The primary is not limited to Socialists. Officially known as the primary of the Belle Alliance Populaire, it is theoretically open to greens and candidates of the far left, and there are indeed a few less well-known challengers to the four leading candidates already mentioned. The primary, like most French elections, is a two-round affair, and while most polls give Valls, who is the best-known and most experienced of the candidates, the edge in round one, he remains some distance from a majority and could well lose in round two if the votes of all the challengers combine against him.

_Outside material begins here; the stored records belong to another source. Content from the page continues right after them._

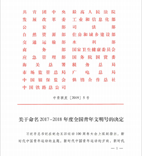 近日,共青团中央办公厅印发《关于命名2017-2018年度全国青年文明号的决定》(中青联发〔2019〕5号)文件,集团下属子公司湖南建工兴发物业管理有限公司洋湖分公司荣获2017-2018年度全国“青年文明号”荣誉称号。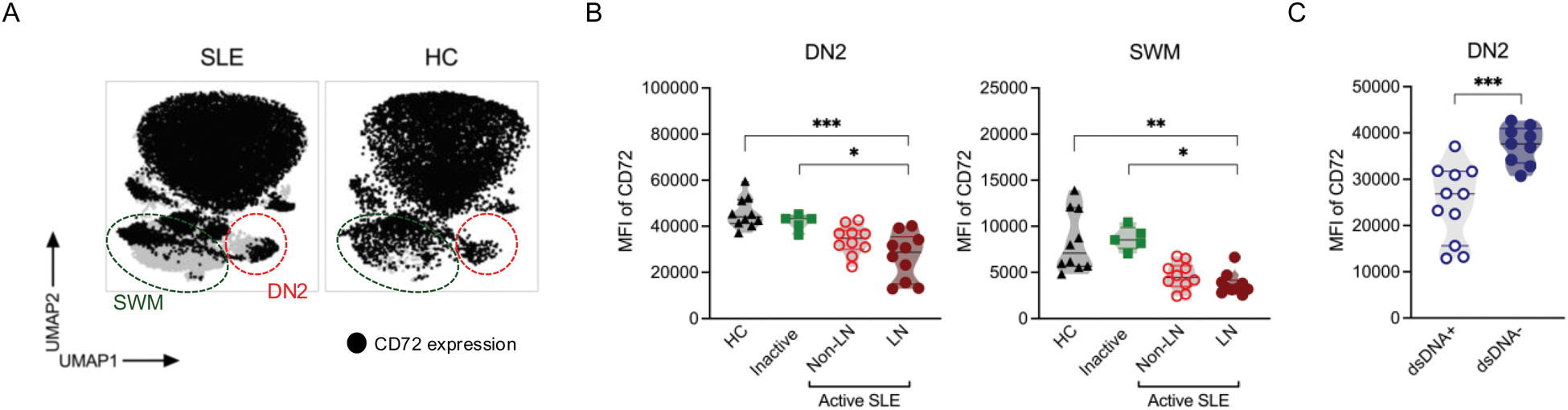 Downregulation of surface CD72 in lupus double negative 2 and switched memory B cells. (A ) UMAPs represented the CD72 expression in SLE patients and HC. (B ) Decreased CD72 expression in DN2 and SWM of lupus nephritis patients. (C ) DN2 of anti-dsDNA positive patients displayed a decreased CD72 expression.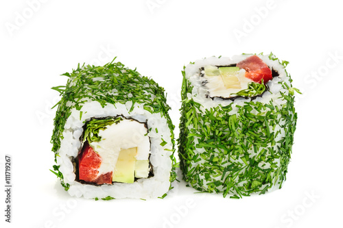Uramaki Maki Sushi Two Rolls Isolated On White Philadelphia Stock Photo Picture And Royalty Free Image Image 60898781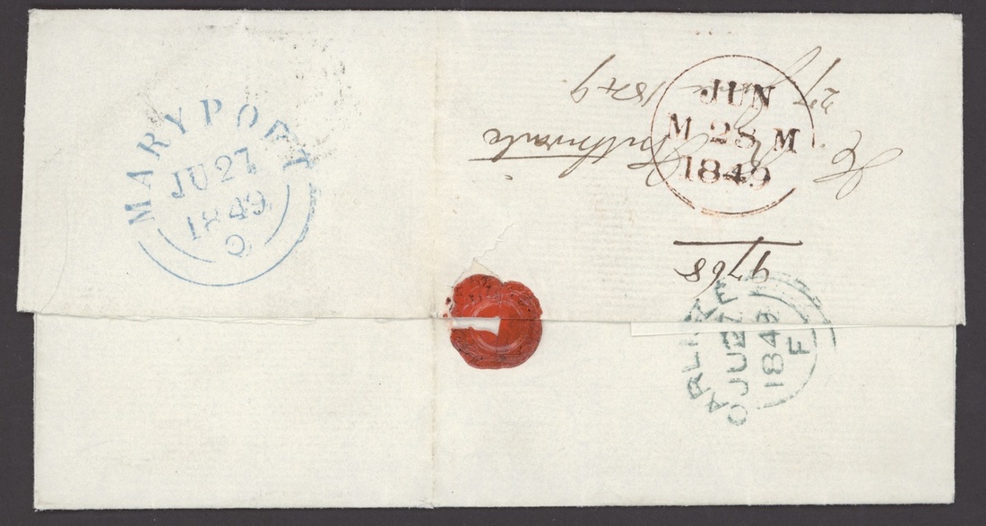 1849 (27 June), entire to Edinburgh with superb handstruck "2" in blue and on reverse matching Maryport c.d.s., clean vertical filing fold clear of the marking, fine and previously unrecorded. Photo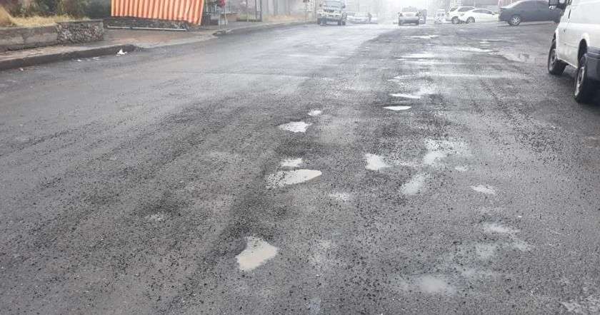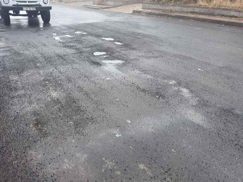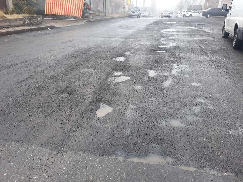 Սա Տիչինայի փողոցի՝ դեպի 4րդ գյուղ տանող ճանապարհի մի մասն է։Այս ճանապարհի նորոգման աշխատանքներից դեռ մեկ ամիս չի անցել,բայց ունենք այս պատկերը,որը նշանակում է,որ կան ընկերություններ,որոնք շարունակում են մսխել պետության փողերը։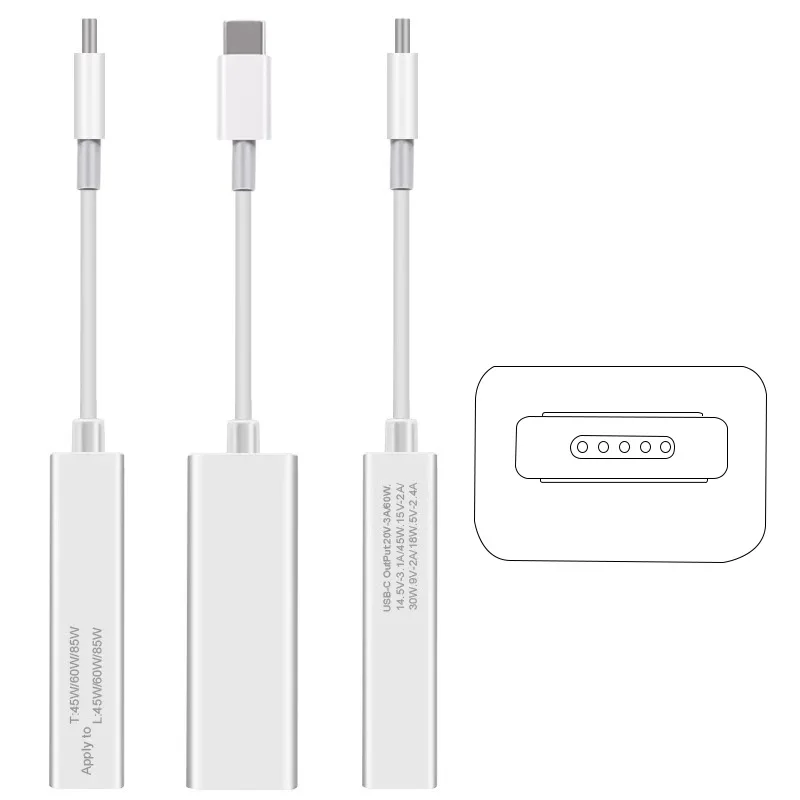 Comprar Adaptador de carga convertidor USB tipo C a dispositivos Magsafe 1 y 2 Compatible con Macbook Pro / Air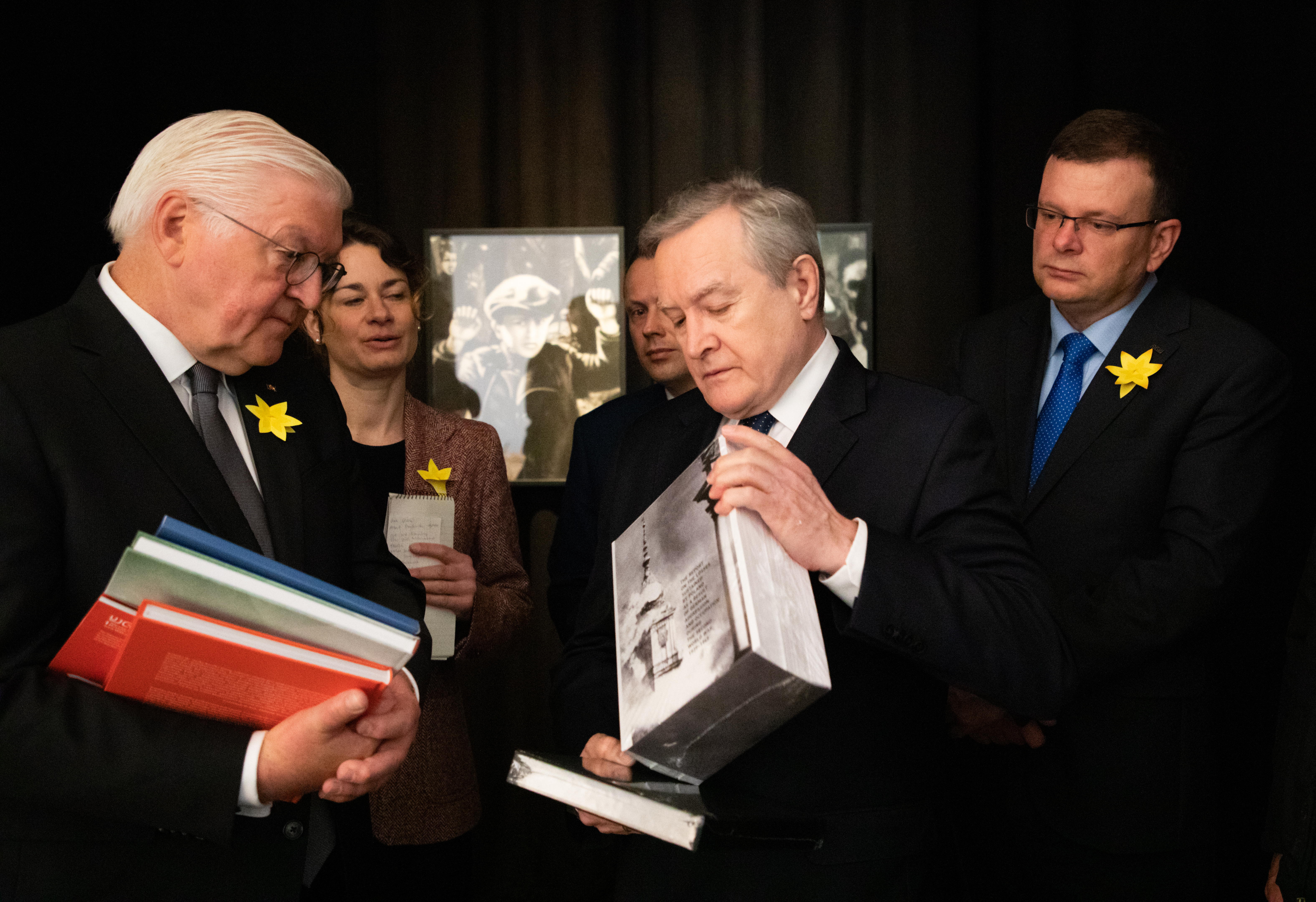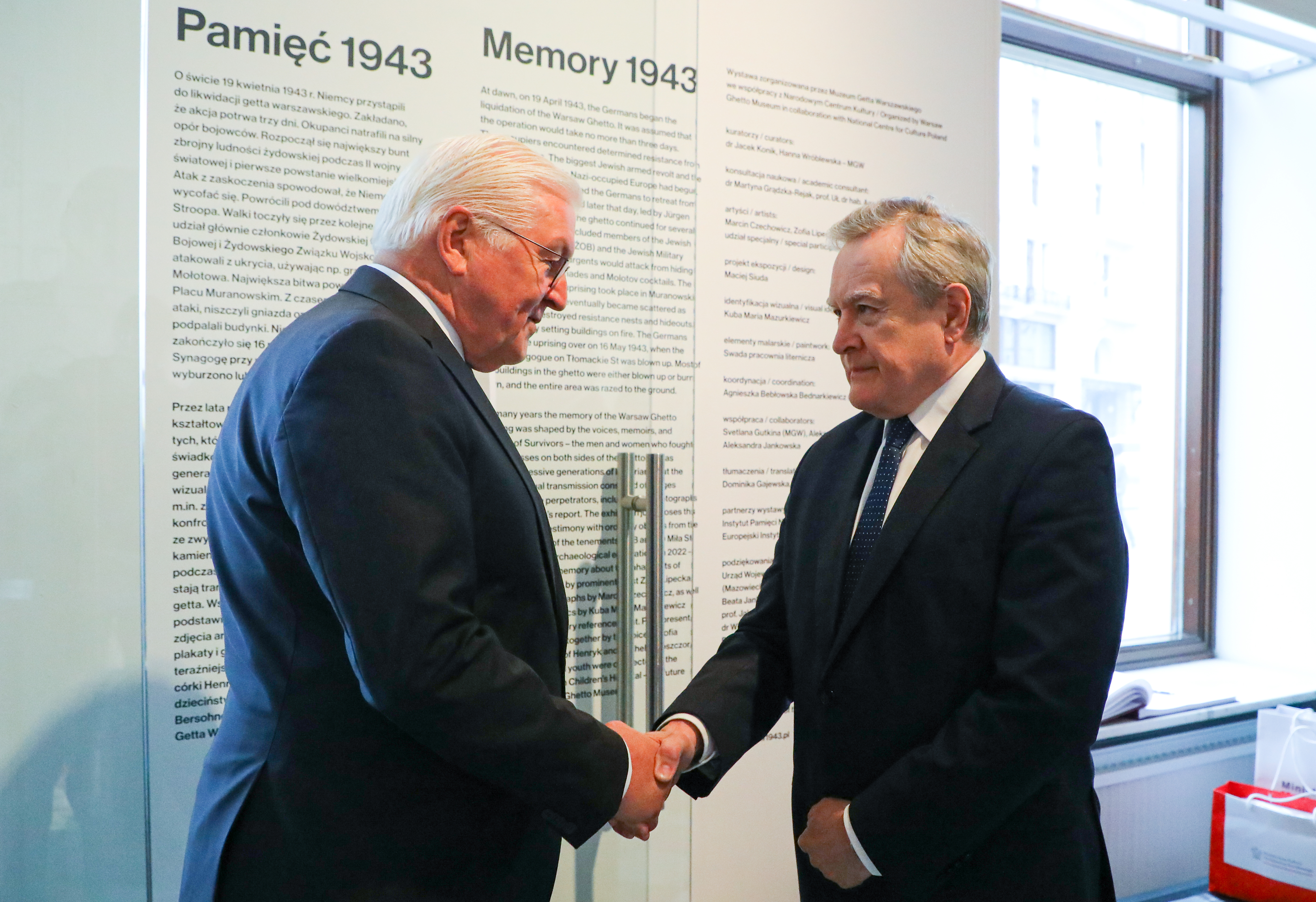„Przekazuję panu prezydentowi pełną angielskojęzyczną wersję raportu poświęconą polskim stratom poniesionym w wyniku agresji i okupacji niemieckiej w czasie II wojny światowej. Liczymy na podjęcie dialogu dla dobra Europy, naszej przyszłości i przyjaźni miedzy naszymi narodami” – powiedział wicepremier prof. Piotr Gliński podczas spotkania z prezydentem Niemiec Frankiem-Walterem Steinmeierem z okazji 80. rocznicy wybuchu Powstania w Getcie Warszawskim. Minister kultury i dziedzictwa narodowego wraz z prezydentem Niemiec zwiedzili wystawę „Pamięć 1943” w Kordegardzie – galerii Narodowego Centrum Kultury.

One very large question remains: Does any of this matter? The winner of this primary will not carry the banner of a united left into the general election. He will be only one of three candidates representing the broad left of the French political spectrum. Jean-Luc Mélenchon, a fiery orator who has lately discovered the virtues of YouTube as a medium for calmer conversations—veritable fireside chats—with a larger number of voters than he could ever reach on the stump, represents the far left, while the youngster Emmanuel Macron, yet another former minister seeking to fill the vacuum left by the evaporation of Hollande, fills what he hopes will prove to be a vast hole in the center. Macron is currently polling quite well, and there is even one poll that shows him with a chance of making it to the second round, but only if Montebourg is the winner of the Socialist primary.
Hence the chief significance of this primary exercise may be to determine the fate of Macron, the only challenger on the left currently given any chance of actually winning the presidency. Of course, it’s still very early in the race, several debates remain before the left primary takes place, and there is no reason to place much confidence in the polls, not only because polls everywhere have been mistaken this year but also because the fragmentation of the French party system has made it very difficult to predict what voters are likely to vote in the primary. Turnout is expected to be light, much lower than turnout in the primary of the right and center that elected Fillon. This augurs ill for the eventual winner, whose victory celebration may resemble a wake around the corpse of the Socialist Party built by François Mitterrand. If a left remains in France after this election, it will bear little resemblance to the party that still dreamed in 1981 of a “rupture with capitalism” by democratic means and a repair of the breach in the workers’ movement that opened when the French Section of the Workers’ International split from the Communists at Tours in 1920.